The University of Hawaii at Hilo (UH-Hilo) has given into Hawaii secessionists, spending tens of thousands of dollars to construct flagpoles that will ensure the U.S. flag doesn’t fly above the Hawaiian one.
Last December, a group of Hawaii sovereignty activists pulled down the American flag from its flagpole at the main entrance to UH-Hilo, and then hoisted up the Hawaiian flag by itself, in order to protest the “illegal occupation of the Hawaiian Kingdom by the United States.” They then delivered the U.S. flag to administrators, demanding that henceforth the Hawaiian flag should be given precedence on flagpoles.
Since then, according to the Hawaii Tribune-Herald, the flagpole has been kept bare due to the controversy.
U.S. flag etiquette holds that, within the United States, the U.S. flag must always be given precedence over those of states, cities, or organizations.
But now, UH officials have given into the demands of activists, and they will be spending $33,000 to install two new flagpoles of the same height to make sure the Hawaiian flag may be regarded as equal. The flagpoles will also have an internal halyard system that can be locked, in order to prevent activists from fiddling with the flags in the future.
The new capitulation is similar to one that has occurred at other state buildings in Hawaii, the school said. The new flagpoles are expected to be installed by mid-August.
One Hawaii independence activist celebrated the school’s decision as an admission that Hawaii is illegally occupied.
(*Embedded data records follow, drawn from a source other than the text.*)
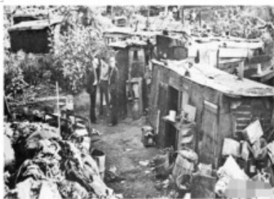
经济大危机时期美国穷人居住的棚户区——“胡佛村”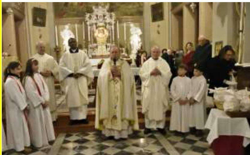
Al termine della Processione, la Benedizione del Pane di San Giuseppe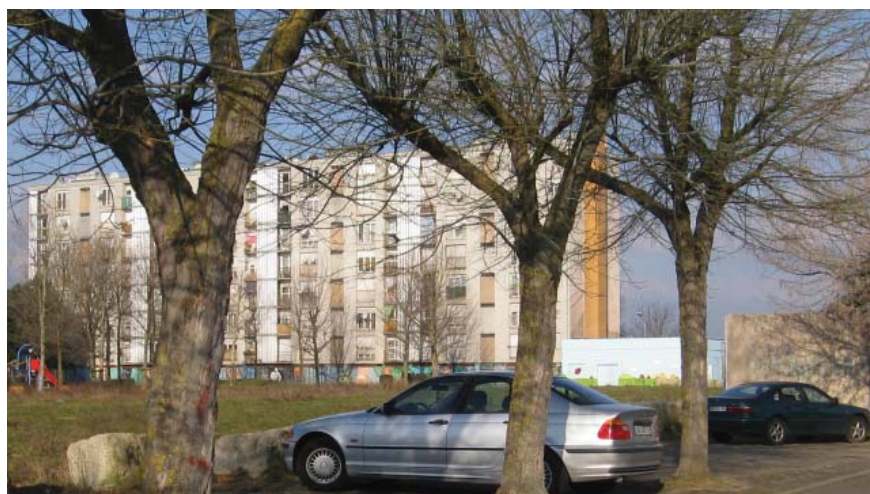
Le QPPV Markstein-la Forêt, à Wittenheim, affiche l'un des taux d'emploi les plus élevés des QPPV de l'agglomération mulhousienne.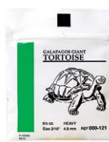
AO Elastics Galapagos Giant Tortoise, Heavy, Latex American Orthodontics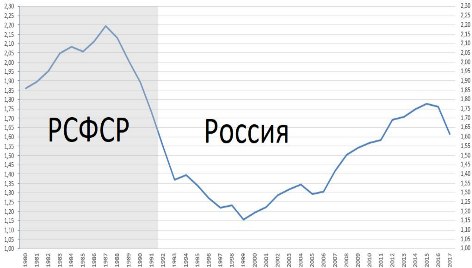
Суммарный коэффициент рождаемости в РСФСР и России, 1980-2017 гг.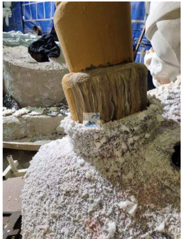
Carnavalswagen in de maak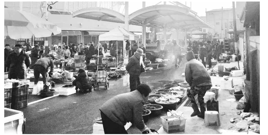
현대화 사업을 통해 새단장한 장흥군 대덕읍 전통시장을 찾는 지역민들의 발길이 줄을 잇고 있다.

장흥군 관계자는 "최근 친환경 식품에 대한 관심이 높아지며 장흥 특산물의 주가가 높아지고 있다"며, "직거래와 온라인 마케팅을 강화해 소비자의 선호에 따른 건강한 농수산물 유통에 노력하겠다"고 밝혔다. /장흥=김용기기자·중부취재본부장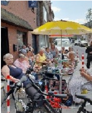
Terras, Toekomststraat 68, Cafe De Club.

Sinds juni komen we ook bij elkaar op de 2e zaterdag van de maand (kan in de loop van het jaar nog naar de 3 de veranderen).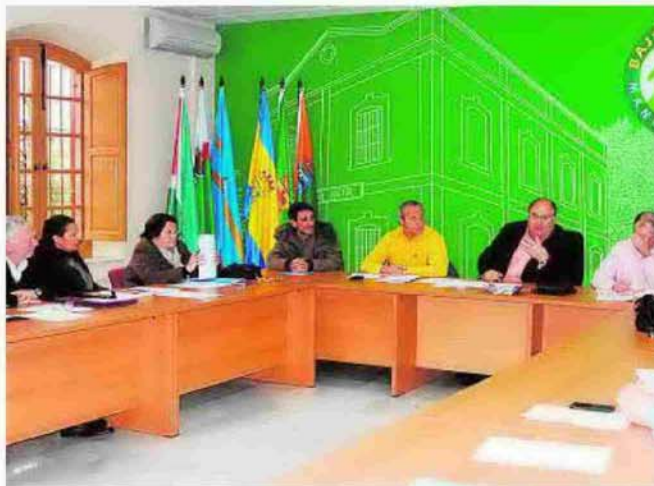
Reunión de la Junta Gestora del Bajo Andarax. :: IDEAL

«Somos conscientes –puntualizó González– de que no se van a resolver todas las necesidades como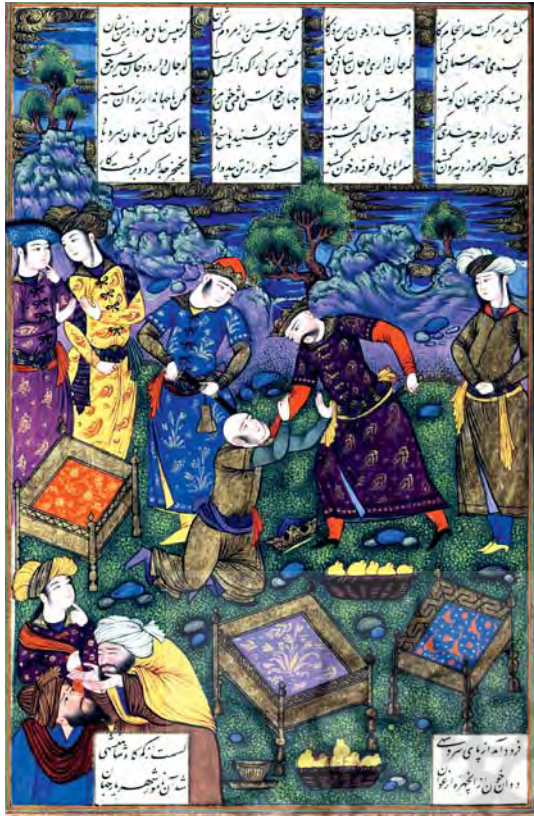
تصویر ۳- مجلس سوم، کشته شدن ایرج به دست برادران، شاهنامه رشیدا، ماخذ: کاخ موزه گلستان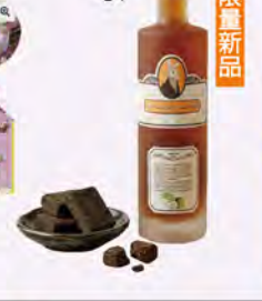
01. 冬桂桂花酒700ml 推薦價699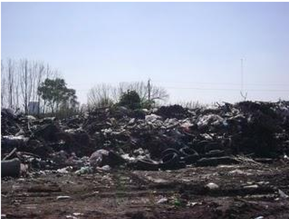
Foto del basural este basural esta alojado en la calle 14 y 130 Berisso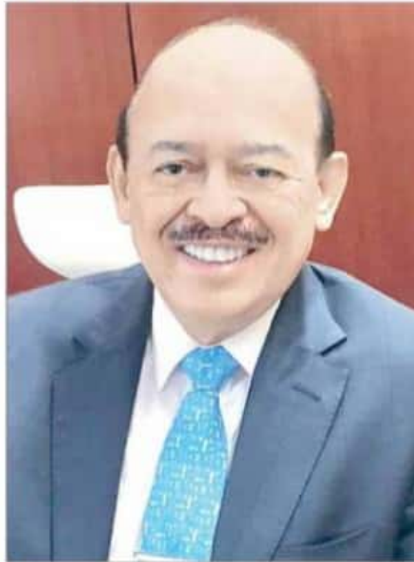
del outsourcing, por presuntamente incurrir, en ambos casos, en delincuencia organizada, operaciones con recursos de procedencia ilícita y defraudación fiscal.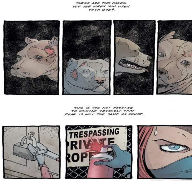
Şekil 2. Salvation of Innocents çizgi romanından bir sayfa 5 .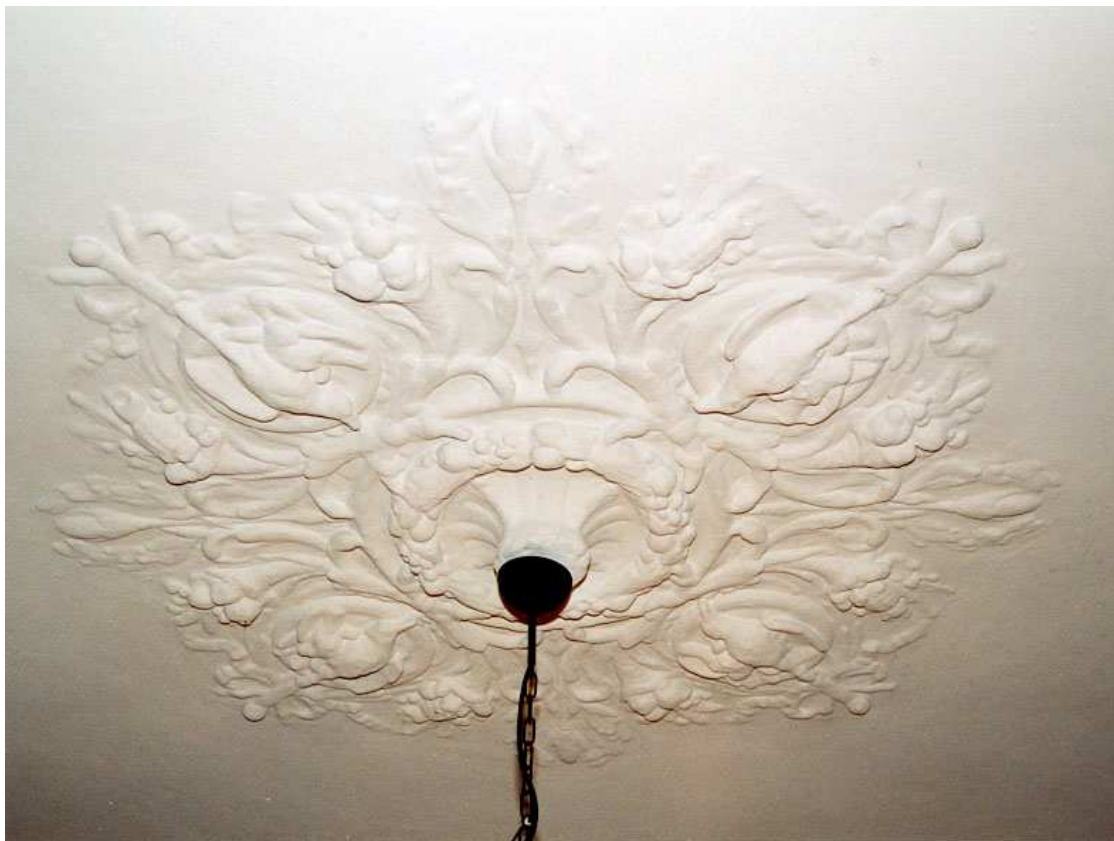
Het middenornament van het stucplafond van de achterkamer.

De keuken heeft een keukenschouw in de oostelijke wand. Bij de overloop is vooraan een steektrap naar de zolder met links daarvan een WC. Deze ruimte heeft een lichtkoker gehad die dichtgezet is. Daarachter ligt de bordestrap van de begane grond naar de verdieping.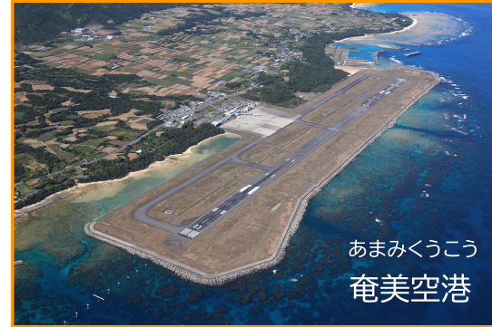
あまみくうこう 奄美空港

“By putting two separate poles up, they (UH-Hilo) have recognized us as a nation not conquered,” Joseph Kaululo told the Tribune-Herald. “There is no flag flying right now at UHH and Hawaii Community College. So, the only flag now flying is the one around our ahu (stone altar). We are the only ones in power right now.”
Kaululo further accused UH of “brainwashing” its students by working to support America’s illegal occupation of Hawaii. He said the flag offensive is only the beginning.
“The flag is just the beginning,” Kaolulo said. “Without a flag, you have no jurisdiction.”